Task statement:
Write the listing below out again exactly, dropping the images.

Data block:
________________________________________

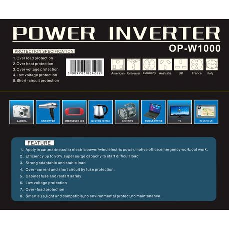 Cost-effective & reliable, the Omega OP-W1000 inverter is perfect for use at home or even within your vehicle. Works will with solar systems or even wind power systems. It is compact and light and requires little to no maintenance.
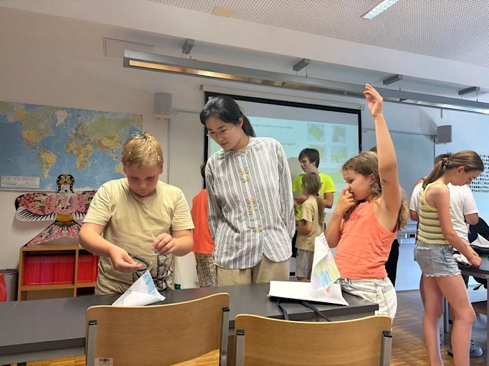 6月30日,在首次初级汉语班的课堂上,斯洛文尼亚当地汉语教师Katja(卡迪娅)负责课堂组织设计和知识串讲,海外实习团队的汉语小老师们则负责进行分组练习和知识巩固。Katja以汉字演变视频作为引入,通过“日、月、山”等象形字的动态展示,让孩子们充分感受到汉字的魅力。实习团队的汉语小老师们以汉字卡片、角色扮演等练习形式,让孩子们将知识现学现用。此次科佩尔孔子课堂海外实习,SUIBErs探索出了“一师串讲+多师陪练”的教学新模式,极大提高了海外儿童汉语课堂的学习效率。
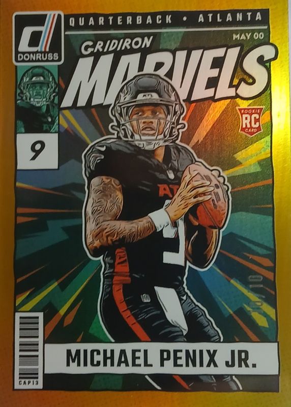 2024 DONRUSS MICHAEL PENIX JR SSP 10/10 GOLD GRIDIRON MARVELS RC ROOKIE CASE HIT
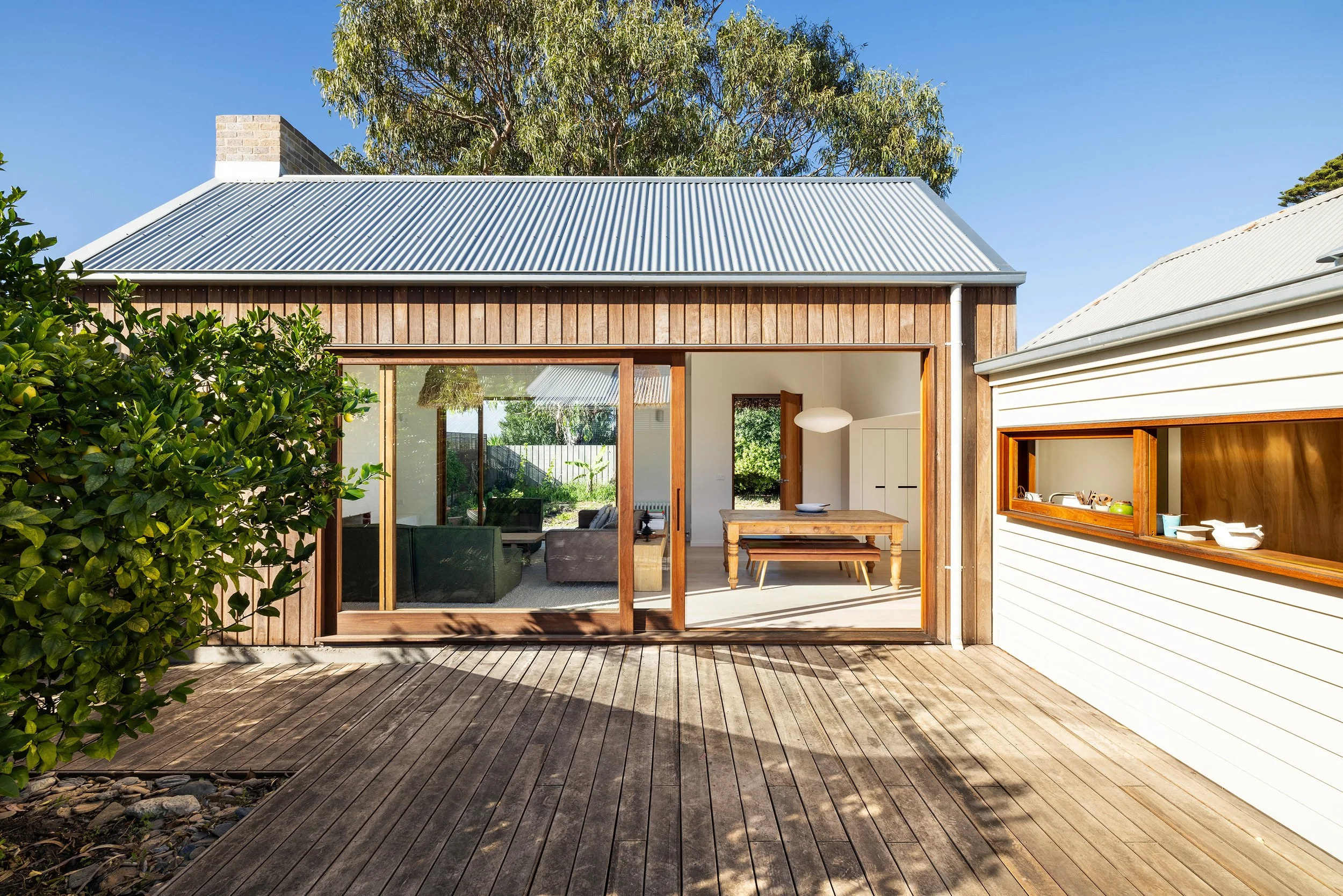 Nestled away from Port Fairy’s main road stands this charming cottage. Our brief was for renovations and a living wing addition, resulting in an off-beat gable roofed space that is friendly with the cottage, encapsulates the north light and connects to the garden.

________________________________________

Your response:
 Cost-effective & reliable, the Omega OP-W1000 inverter is perfect for use at home or even within your vehicle. Works will with solar systems or even wind power systems. It is compact and light and requires little to no maintenance.
 6月30日,在首次初级汉语班的课堂上,斯洛文尼亚当地汉语教师Katja(卡迪娅)负责课堂组织设计和知识串讲,海外实习团队的汉语小老师们则负责进行分组练习和知识巩固。Katja以汉字演变视频作为引入,通过“日、月、山”等象形字的动态展示,让孩子们充分感受到汉字的魅力。实习团队的汉语小老师们以汉字卡片、角色扮演等练习形式,让孩子们将知识现学现用。此次科佩尔孔子课堂海外实习,SUIBErs探索出了“一师串讲+多师陪练”的教学新模式,极大提高了海外儿童汉语课堂的学习效率。
 2024 DONRUSS MICHAEL PENIX JR SSP 10/10 GOLD GRIDIRON MARVELS RC ROOKIE CASE HIT
 Nestled away from Port Fairy’s main road stands this charming cottage. Our brief was for renovations and a living wing addition, resulting in an off-beat gable roofed space that is friendly with the cottage, encapsulates the north light and connects to the garden.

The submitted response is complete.